By Author, Lorenzo Scardicchio
Contextual Intelligence
In Adaptive Wellness
My Story
Caminante, no hay camino. (Traveler, there is no path.) Se hace camino al andar. (The path must be forged as you walk.)
— Antonio Machado
This line from the Spanish poet Antonio Machado captures the spirit of my research process and the products that emerged from it. Initially I set out, on what I thought was a well-traveled path, to build a tool that kept people alive. I soon realized that conducting research centering on what matters to the people you serve — not what you assume matters — means there is no path and, certainly, there is no way of knowing what you will find. The most difficult challenges of becoming a researcher who actually listens are:
- Acknowledging that it is virtually impossible to understand what people need prior to sitting across from them,
- Developing the courage to let the research participants define the research problem, and
- Letting go of your own interests and preconceived ideas to “trust in emergence.”
Lorenzo Scardicchio
Author
The Research Journey
Ironically (or maybe not), these are also the challenges of building anything that matters — and of living a courageous life.
Below is an overview of the design, methodology, sampling, and synthesis processes that I use in my research. Before I jump in, I want to acknowledge Rob Fitzpatrick for The Mom Test, which fundamentally changed the way I conduct interviews. His central insight — that people will lie to you about what they want, not out of malice but out of politeness, and that it is your job to design conversations where the truth can survive — literally changed the way I see the world. And to my uncle, who showed up with a dumbbell set when everyone else was showing up with advice: you taught me that the smallest intervention, delivered at the right moment, can save a life.

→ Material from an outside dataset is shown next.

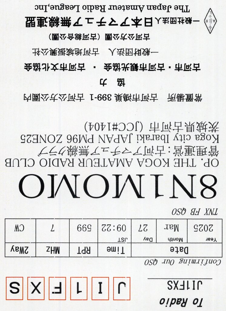 8N1MOMO(日本一桃の里「第49回古河桃まつり JARL特別局」) 27Mar2025に7MhzCWでQSO。 運用地:茨城県古河市鴻巣 古河公方公園内

As someone building products for human wellbeing, the clean lines of feature specs and user stories appealed to me, but I fell in love with the richness and depth of qualitative research. Storytelling is my DNA, and I couldn’t resist the idea of research as storycatching. Stories are data with a soul, and no methodology honors that more than sitting across from someone and asking them to tell you what their life actually looks like — not what they think you want to hear. The mandate of my approach is to develop products based on people’s lived experiences rather than proving or disproving existing assumptions.
In qualitative research grounded in real behavior, we don’t start with a solution or a feature set or a competitive analysis. We start with a topic. We let the participants define the problem or their main concern about the topic, we develop a theory, and then we see how and where it fits in the landscape.
I didn’t sign on to study the space between intention and action — one of the most (if not the most) complex and elusive gaps in human behavior. A gap that not only took me years to understand, but a phenomenon so universal that the mere mention of it triggers recognition and discomfort in almost everyone. I innocently started with an interest in keeping college students alive.
After my uncle died by suicide — the one person who had shown up for me when my identity as an athlete shattered — I was sure of one thing: small, timely interventions are why some people make it and others don’t. The power that a single well-timed nudge holds was confirmed when the main concern about support emerged not as a lack of resources, but as a fear of irrelevance — the fear that the help being offered wasn’t actually for them. That it was generic, institutional, and disconnected from who they actually were. I learned that we resolve this concern through personalization that makes people feel specifically seen, through tone that feels like a peer rather than an authority, and through timing that meets people in the gap between meaningful interactions — what I call the 6-day gap.
After developing a theory on what makes nudges land — and getting clear about the effect of generic, institutional wellness content on student disengagement — I wanted to dig deeper. I wanted to know more. The problem is that there’s only so much you can understand about behavior change by studying behavior change directly. I needed another approach to get under the experiences.
That’s when I had the idea to study what exists in the absence of support. Not the crisis moment, but the 144 hours between coaching sessions. Not the app feature, but the feeling of being understood. Not the nudge itself, but the silence that precedes it.
I know how people experience and respond to well-designed nudges, but what are people feeling, doing, and thinking when there’s nothing in that gap? When intention fades and momentum dies and the thing they committed to on Monday is unrecognizable by Thursday? How are some people navigating a culture engineered for distraction and still holding on to who they said they wanted to be?
Before I dove back into the data, I named this study “Journey.” I was looking for the women and men who were actively trying to live with intention despite the forces working against them. I wanted to know what they had in common. What were their main concerns, and what were the patterns and themes that defined their experience? I reported the findings from that work in our pilot at the University of New Haven.
But vulnerability — the willingness to act on something that matters without a guaranteed outcome — kept emerging as a core category. It was a critical component in both my study on nudge effectiveness and my study on what makes people actually follow through. I understood the relationships between vulnerability and the other emotions I’d been tracking, but after years of dropping deeper into this work, I wanted to know more about the context surrounding those moments — the thoughts, memories, and past conversations that shape how someone shows up in the present. The product that emerged from this investigation is Serein.